Preparation of a chain for HMAC

advertisements

I am writing a webservice which uses HMAC for message authentication. I am having some issues preparing the 'data' for digest, and am getting different digests for the same 'data' in Python vs NodeJS.

I am fairly sure that this issue is due to encoding, but I am not sure how to best approach this.

Python code:

import hmac
from hashlib import sha1

f = open('../test.txt')
raw = f.read()

raw = raw.strip()

hm = hmac.new('12345', raw, sha1)
res = hm.hexdigest()
print res

>> 5bff447a0fb82f3e7572d9fde362494f1ee2c25b

NodeJS (coffee) code:

fs = require 'fs'
http = require 'http'
{argv} = require 'optimist'
crypto = require 'crypto'

# Load the file
file = fs.readFileSync argv.file, 'utf-8'
file = file.trim()

# Create the signature
hash = crypto.createHmac('sha1', '12345').update(file).digest('hex')
console.log(hash)

>> a698f82ea8ff3c4e9ffe0670be2707c104d933aa

Edit: Also, the length of raw is 2 characters longer than file, but I cant work out where these two characters come from.
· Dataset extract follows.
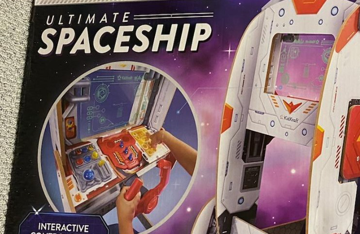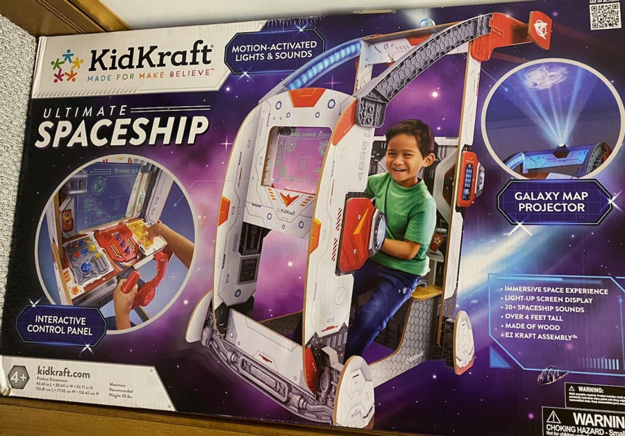 Ages 4+ Kids’ imaginations will blast off with the Ultimate Spaceship. This immersive play environment features lights and sounds, plus a star map projection. Measuring 55 inches tall, this is big enough for a child to step inside and engage in all sorts of out-of-this-world play. The interactive control panel has a variety of touch-pad controls that activate different sound effects, such as opening and closing the hatch, engaging light speed, and communicating with mission command. Three working switches activate the cockpit lights, the Head Up Display with three different light choices, and the star projection, which projects a star map onto the ceiling and looks best when you turn out the lights. Plus, additional switches, knobs, and levers both inside and outside the playset help promote fine motor skills and more pretend play. Kids can even collect space samples in the two test tubes stored in the back of the playset. Turn the steering wheel to pretend to steer toward your galactic destination. Kids can even rock the spacecraft from side to side to trigger more lights and sound effects.

This is the problem with encoding of the data you read from the filesystem and has nothing with algorithms you use.

When you work with string data both in Python and JavaScript, you should be very careful about encoding which your data is stored in. Try to work with data either as with strings (which, in particular have such a property as encoding), or as with "raw data". When reading and signing data, you shouldn't probably care about the encoding, and try to use data as "raw" as much as you can in your language.

Some points to note:

  • Filesystem stores "raw" bytes, and knows nothing about the contents and the encoding of your file. Furthermore, for some files (like, jpegs, for example), the "encoding" concept is worthless
  • The same is valid for crypto algorithms. They work with raw bytes and know nothing about its "character representation". That's why digital signatures work so well with all sorts of binary documents, etc.
  • trim() in javascript or strip() in python work with strings, and their behaviour can vary depending on the underlying encoding (try u's '.encode('utf-16').strip().decode('utf-16') in python, for example). If possible, I'd rather avoid using trimming, to not to mix the way you work with data.
  • Python 2.x (and, I suppose, Javascript too) have set of rules for implicit conversion between strings and raw data.

Here in your code you work with binary data in Python, but do conversion to string in JavaScript, when you define the encoding of the file to read. Apparently, there is a sort of implicit converting from utf-8 back to raw string in crypto module, but I don't know what it does.

As described in here, the most kosher way of handing raw strings in node.js is to use buffers. You could read buffer from filesystem, but unfortunately, nodejs crypto library doesn't support them yet. As described here:

The Crypto module was added to Node before there was the concept of a unified Stream API, and before there were Buffer objects for handling binary data.

As such, the streaming classes don't have the typical methods found on other Node classes, and many methods accept and return Binary-encoded strings by default rather than Buffers.

That's said, to make the example work, current approach is to read data by passing "binary" as the second argument to the call:

file = fs.readFileSync argv.file, "binary"

Also, as I said, I'd rather avoid stripping data I just read from the file.